GlobalData healthcare analyst Alice Stevens says, “As rising drug prices continue to be a major cause for discord in the United States, self-regulation of price hikes could help the industry prevent regulatory reform.”

This conservative approach to price increases is merely a spoken agreement among drug makers. Not every company will consider it to be an obligation. In 2017 for example, Pfizer and Celgene raised some of their prices by 19.8% and 27.5%, respectively. “It remains unclear how long this social contract will last,” Stevens cautions. “Although many companies seem to be willing to adhere to Allergan’s pledge at present, the need for higher revenues may see another rise in drug prices before the year is out.”

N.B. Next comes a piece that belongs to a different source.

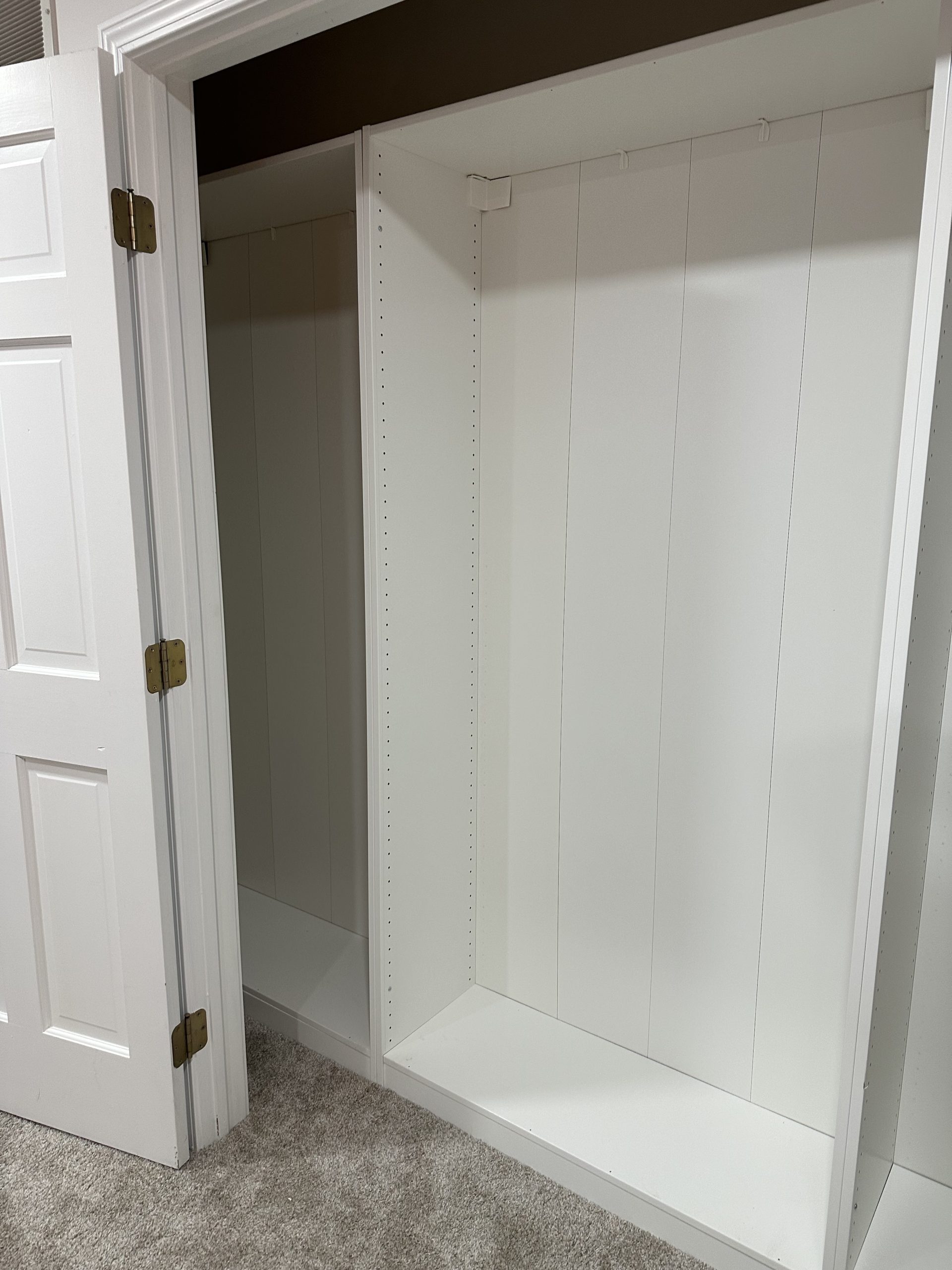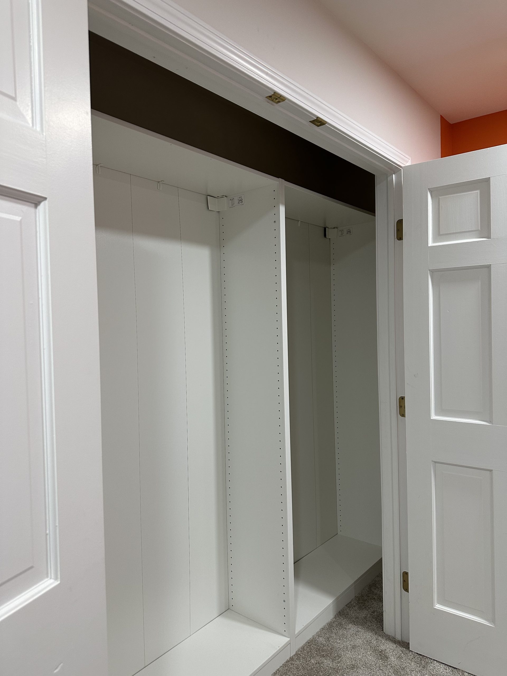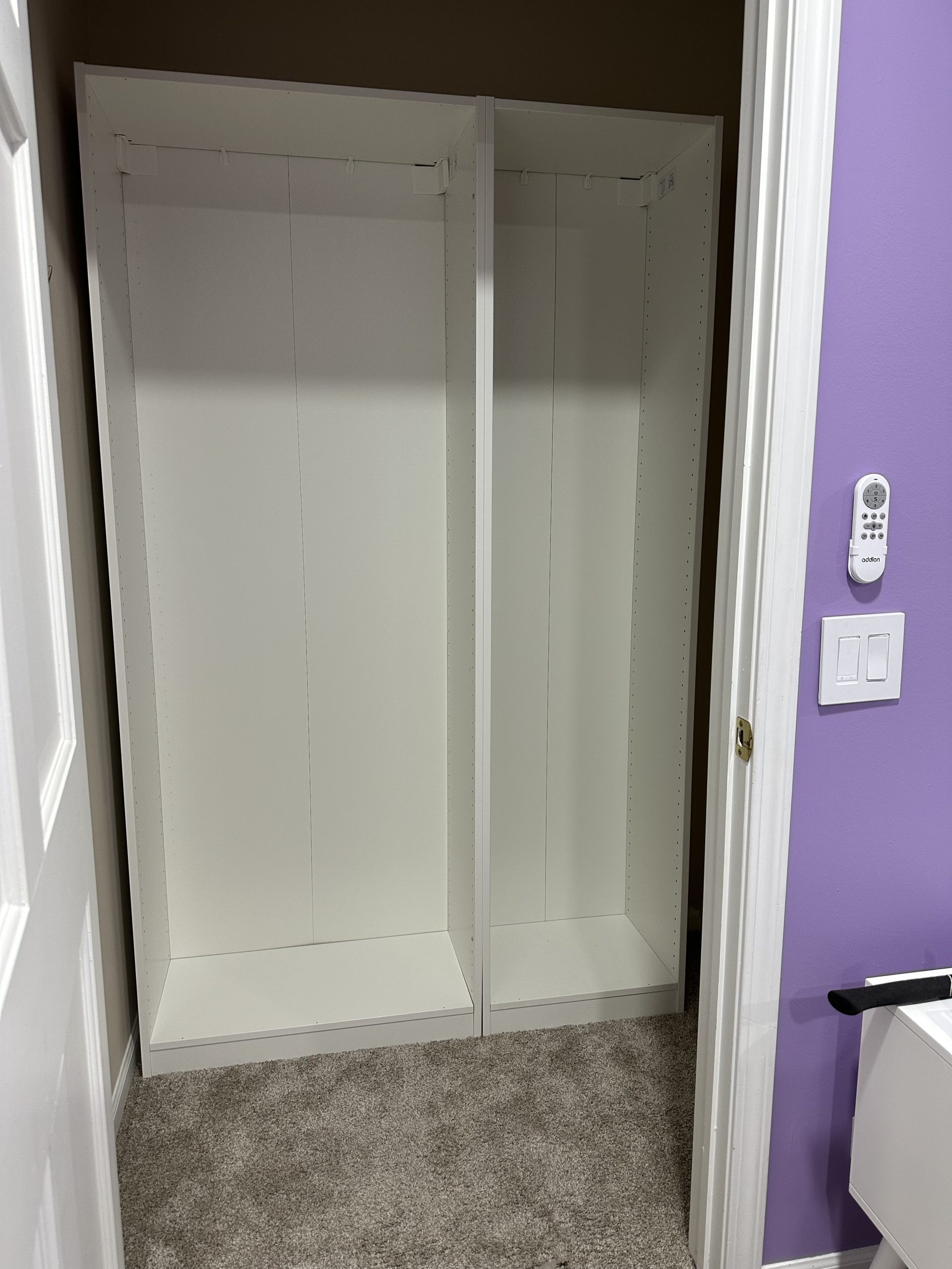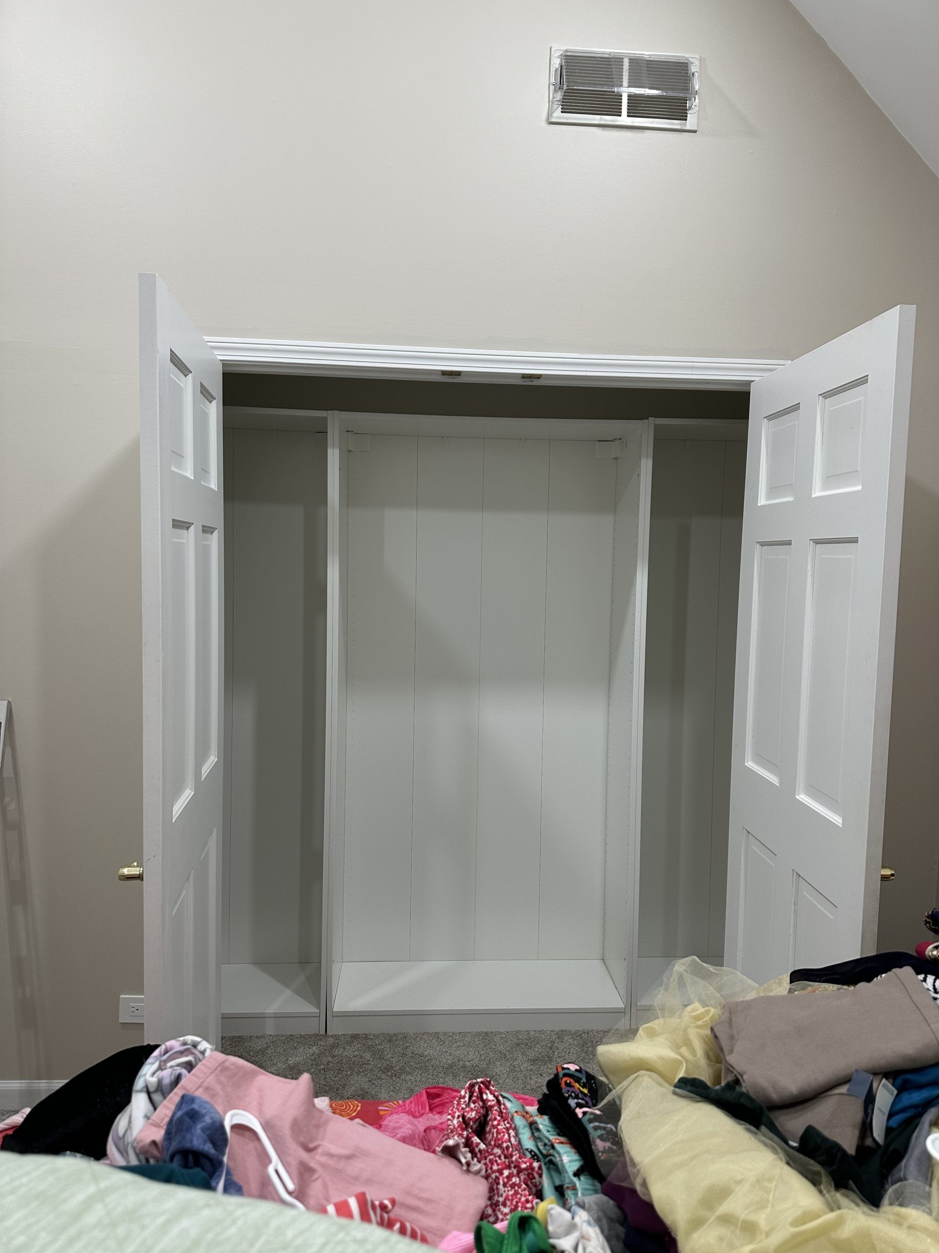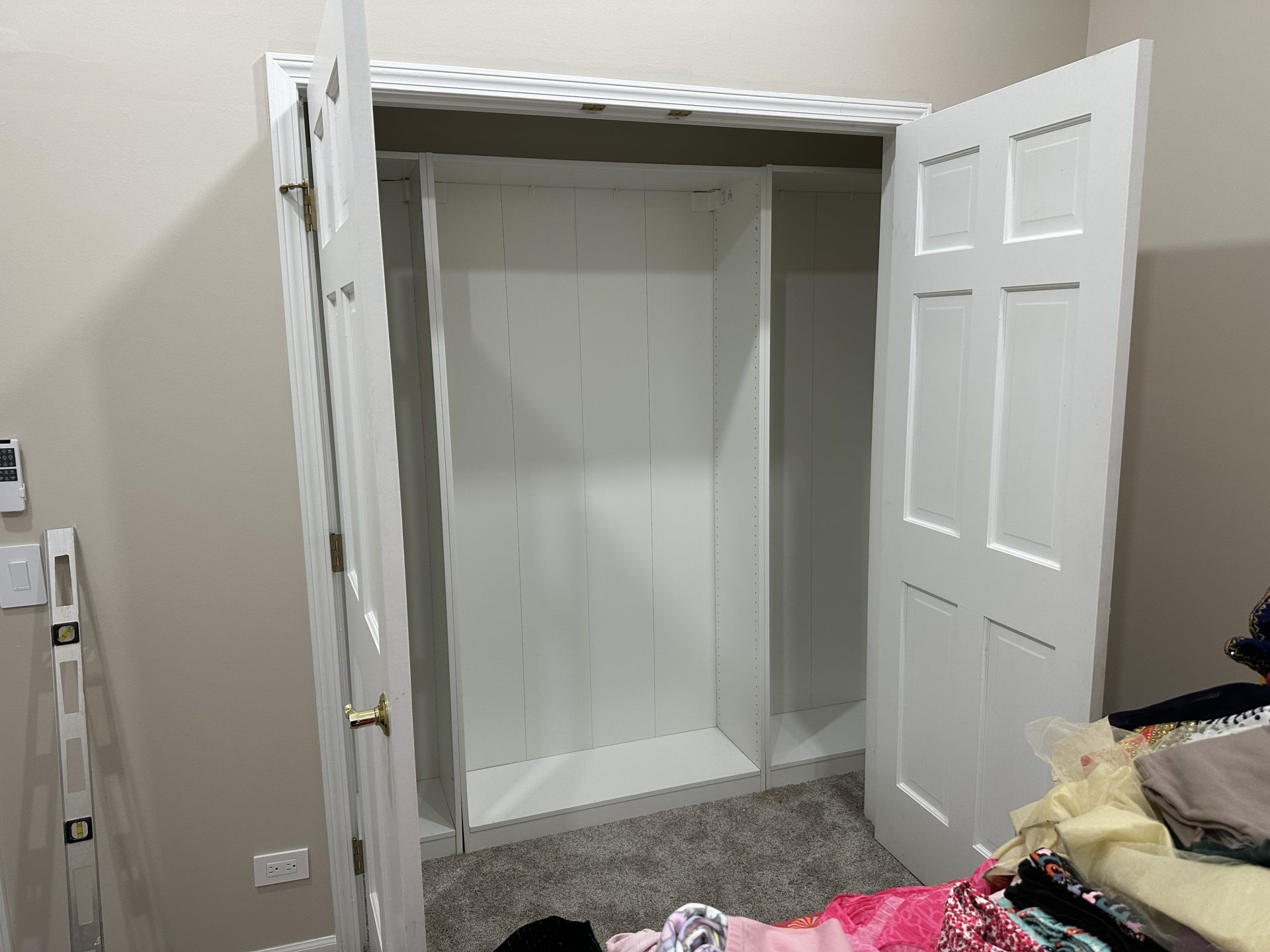 Assemble all cabinet frames within three different closets. 3 large ones in the primary bedroom. 1 large and 2 medium ones in a second bedroom. And 1 medium and 1 small in a third bedroom.
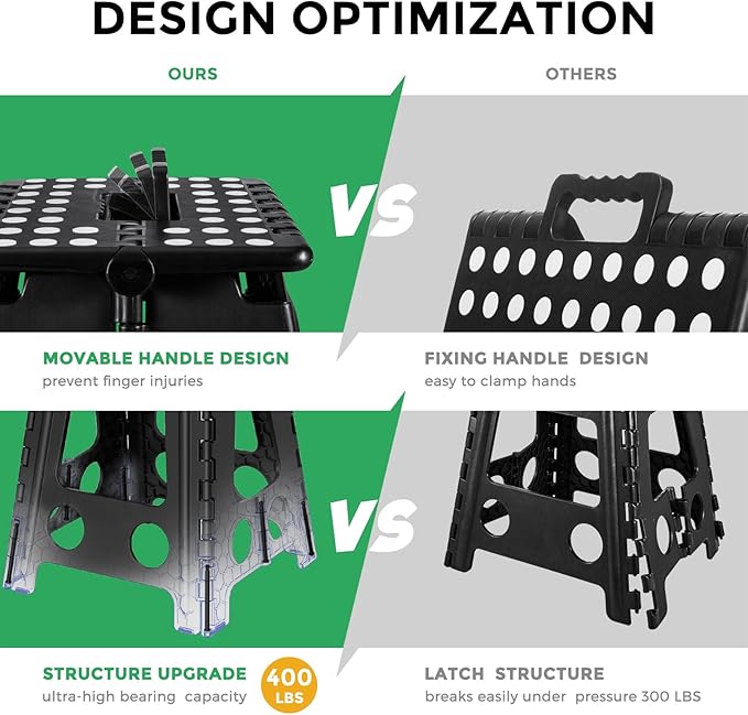 - 【Innovative Handle Design】Our 2023 collapsible stool features a flexible, movable handle design to prevent any injuries during folding or unfolding. Ascend or descend with the utmost safety and comfort with Solid Strength.

Cell and Gene Therapies Developments in the United Kingdom and Japan

The Cell and Gene Therapy Catapult (CGTC) will support three UK sites that have been awarded funding to form a network of advanced therapies treatment centers after an Innovate UK competition. These joint ventures include industry, academic, and National Health Service (NHS) partners: Innovate Manchester Advanced Therapy Centre Hub (iMATCH), the Midlands-Wales Advanced Therapy Treatment Centre (MW-ATTC, covering Birmingham, Wales, and Nottingham), and the Northern Alliance Advanced Therapies Treatment Centre (NAATTC, covering Scotland, Newcastle, and Leeds).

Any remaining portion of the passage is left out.